%%

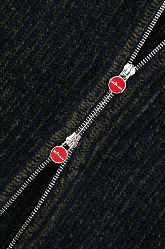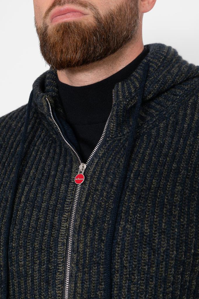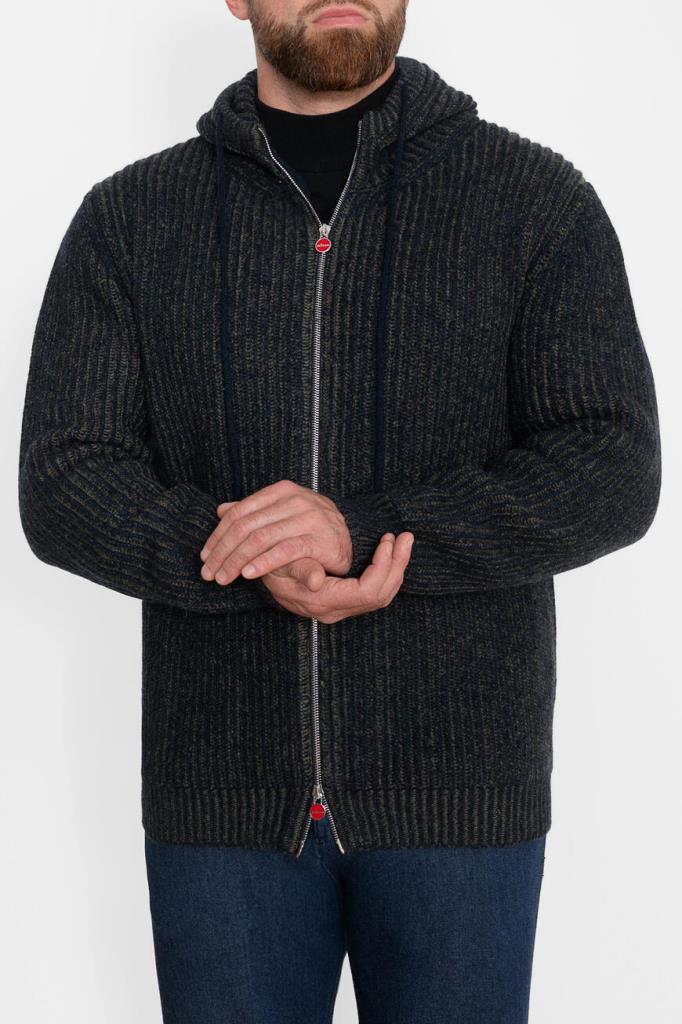 Вязаный кардиган Kiton с объёмным капюшоном на завязках. Изделие выполнено из мягкого кашемира в сине-зелёной гамме. Фасон повседневной модели предполагает воротник-стойку и застёжку на молнию с двумя брендированными бегунками.
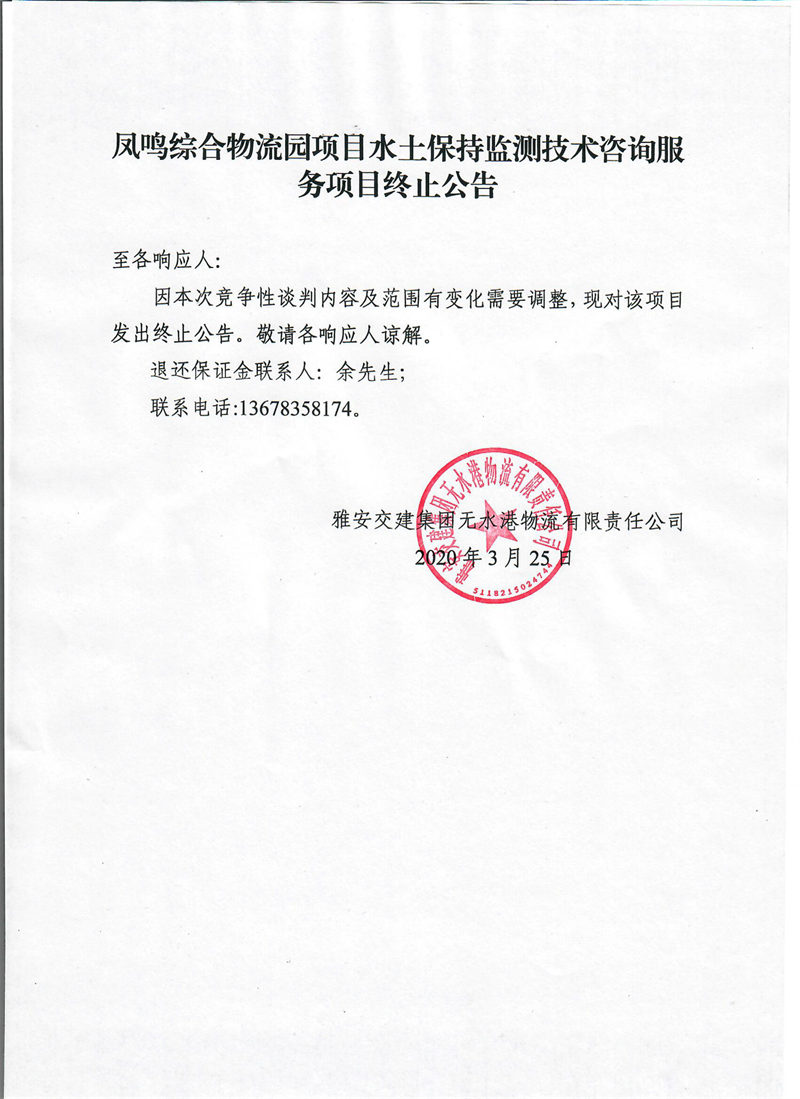 雅安交建集團無水港物流有限責任公司鳳鳴綜合物流園項目水土保持監(jiān)測技術(shù)咨詢服務(wù)項目終止公告
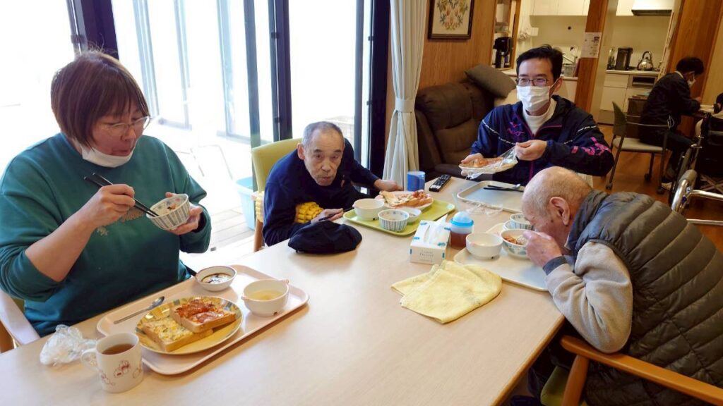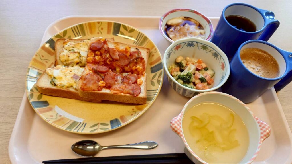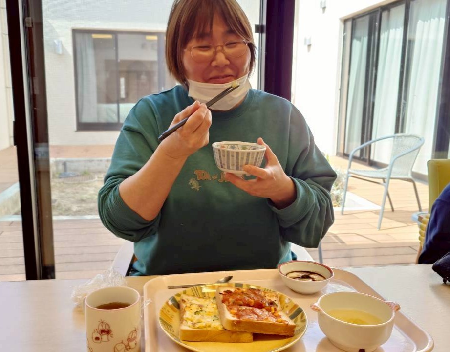 令和8年3月9日 パン食も美味しい花卉の郷 2026年3月9日 あすなろ花卉の郷 3月9日の昼食。ピザトースト(トマトソース)、ピザトースト(たまご)、ビーンズサラダ、コンソメスープ(セロリ)、デザートプリン(チョコソース)。朝食が「ごはん食」の日は、昼食献立が「パン食」になります。 ひのきユニットの昼食の様子。 家族団らんといった趣で、わいわい楽しいランチタイム。 家族がパン屋で「パンにはちょっとうるさいで」という職員からも「美味しいわ」とスマイルで高評価いただきました。 URL Copied!

%%

§ **EXERCISE DESCRIPTION**
Give back the material word for word, leaving out its pictures.

§ **FINISHED EXERCISE**
 Вязаный кардиган Kiton с объёмным капюшоном на завязках. Изделие выполнено из мягкого кашемира в сине-зелёной гамме. Фасон повседневной модели предполагает воротник-стойку и застёжку на молнию с двумя брендированными бегунками.
 雅安交建集團無水港物流有限責任公司鳳鳴綜合物流園項目水土保持監(jiān)測技術(shù)咨詢服務(wù)項目終止公告
 令和8年3月9日 パン食も美味しい花卉の郷 2026年3月9日 あすなろ花卉の郷 3月9日の昼食。ピザトースト(トマトソース)、ピザトースト(たまご)、ビーンズサラダ、コンソメスープ(セロリ)、デザートプリン(チョコソース)。朝食が「ごはん食」の日は、昼食献立が「パン食」になります。 ひのきユニットの昼食の様子。 家族団らんといった趣で、わいわい楽しいランチタイム。 家族がパン屋で「パンにはちょっとうるさいで」という職員からも「美味しいわ」とスマイルで高評価いただきました。 URL Copied!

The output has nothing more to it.